Here’s the thing about AI agents: they’re not just chatbots that talk. They’re systems designed to take actions—book a flight, analyze a spreadsheet, write and execute code. But for that to work, they need to connect to a million different tools, databases, and APIs. Right now, every company building agents is essentially creating its own proprietary plumbing. It’s a mess waiting to happen. You’d have OpenAI agents that can’t talk to Anthropic’s systems, or Google’s agents that need a completely custom adapter to work with your company’s internal software. The AAIF is basically an attempt to agree on standard pipe sizes and thread types before everyone builds their own custom, incompatible houses.

Why donate your secret sauce?

So why would these companies, especially rivals like OpenAI and Anthropic, give away what could be competitive infrastructure? For Block, it’s pretty pragmatic. Brad Axen from Block said open-sourcing Goose gives them a place for “other people to come help us make it better.” They get free R&D from the open-source community, and all improvements flow back to them. For Anthropic and OpenAI, it’s about influence and necessity.

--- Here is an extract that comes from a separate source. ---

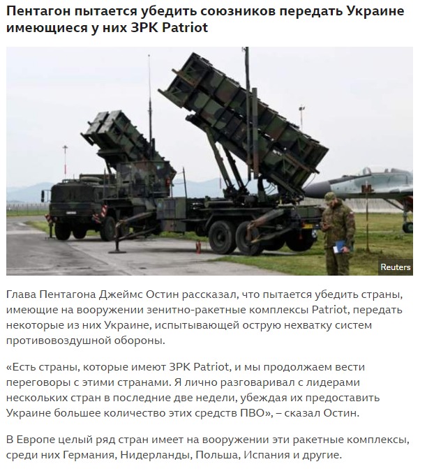 Пентагон пытается убедить союзников передать Украине свои ЗРК Patriot

If MCP or AGENTS.md becomes the de facto standard, they’ve effectively set the rules of the game. David Soria Parra from Anthropic said the goal is to have “enough adoption in the world that it’s the de facto standard.” It’s a classic play: you can’t win the platform war alone, so you try to become the indispensable, neutral foundation everyone builds on.

The governance tightrope

But let’s be skeptical for a second. We’ve seen these “open” alliances before. Remember, the Linux Foundation itself hosts Kubernetes, which did become a massive standard, but it’s also home to projects that fade into obscurity. Jim Zemlin, the Foundation’s director, says funding doesn’t equal control, and roadmaps are set by technical committees. That’s the ideal. The real test is what happens when there’s a major technical disagreement. What if OpenAI wants AGENTS.md to evolve in a way that subtly advantages their models? Or what if Google pushes for a protocol change that integrates better with its own cloud services? Nick Cooper from OpenAI says he doesn’t want the standards to be “stagnant,” which is good, but evolution can also mean fragmentation.

A web for agents?

The big, ambitious vision here is to create for AI agents what HTTP and HTML created for the web: an open, interoperable system where anyone can build a tool that works with any agent. Instead of being locked into one company’s “agent stack,” you could mix and match—use Anthropic’s model with Block’s Goose framework, connected via MCP to your company’s data. That’s the dream. It would lower development time dramatically and could lead to a more innovative and competitive ecosystem. But it requires genuine collaboration from companies whose core business is, ultimately, competing with each other in the AI race. The success of this effort won’t be measured by press releases, but by whether developers actually start building on this shared plumbing instead of the proprietary pipes that the big platforms will undoubtedly still try to sell them.